OKLAHOMA CITY — Until late Wednesday night, Immanuel Quickleytrekked through life unaware that he was part of a wrecking crew. Once he learned it, a man who studies the game obsessively couldn’t quite put into words why he and three other New York Knicks eviscerate opponents whenever they play together.
When Quickley, Jalen Brunson, Josh Hart and Julius Randle share the floor — whether that fifth guy is Isaiah Hartenstein or Mitchell Robinson — the Knicks vaporize whoever stands in front of them. Yet, following Wednesday’s 129-120 loss to the Oklahoma City Thunder, Quickley couldn’t quite explain the dynamic.
“Maybe we just have good chemistry. I don’t know,” he said. “Maybe, we just connect. I don’t know. Good basketball players on the floor playing hard.”
But the news to those other than Quickley following the defeat, which dropped the Knicks to 17-13, wasn’t that New York may have a death lineup.

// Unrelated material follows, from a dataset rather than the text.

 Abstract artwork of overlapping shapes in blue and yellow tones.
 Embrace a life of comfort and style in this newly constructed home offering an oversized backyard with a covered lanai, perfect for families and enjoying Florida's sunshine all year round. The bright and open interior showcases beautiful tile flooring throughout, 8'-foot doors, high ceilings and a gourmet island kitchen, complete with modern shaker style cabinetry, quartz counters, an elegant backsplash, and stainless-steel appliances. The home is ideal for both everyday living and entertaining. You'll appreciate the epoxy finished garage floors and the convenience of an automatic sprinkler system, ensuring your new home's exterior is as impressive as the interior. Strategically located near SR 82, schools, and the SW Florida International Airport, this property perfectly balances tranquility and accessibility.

Instead, head coach Tom Thibodeau chose to go away from it.
At times, deviating from the fearsome foursome has worked, such as on Monday, when Thibodeau subbed RJ Barrett in for Quickley with three and a half minutes to go in regulation, a controversial move, considering Quickley was firing flames from his fingertips — 20 points in 22 minutes on 7-of-10 shooting. Thibodeau justified the switch after the game, disclosing that he sent Barrett back in because of the 23-year-old’s length. And on that day, it worked.
Barrett, who was already in the midst of his best performance in a couple of weeks, played a strong defensive final few minutes, and the Knicks downed one of the league’s best squads, the Milwaukee Bucks. But when a nearly identical scenario played out two days later, the results were far from equivalent.

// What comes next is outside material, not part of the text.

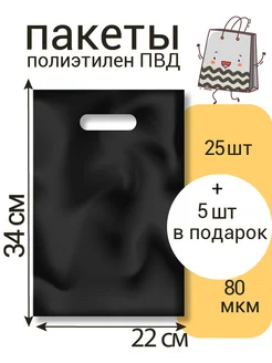 Пакет 22х34 см, черный, 30 шт с вырубной ручкой

With 4 minutes to go in the loss to the Thunder and the Knicks down seven, Thibodeau once again pulled Quickley, who was once again on a scoring binge: once again 7 of 10 with 22 points this time in 25 minutes. And once again after the game, Thibodeau said that Barrett gave the defense more length, which helped in this case because the Knicks were switching more than they usually do against Oklahoma City’s dearth of wings.
AKA Thibs really doesn’t want to play Brunson and IQ together longterm for defensive reasons.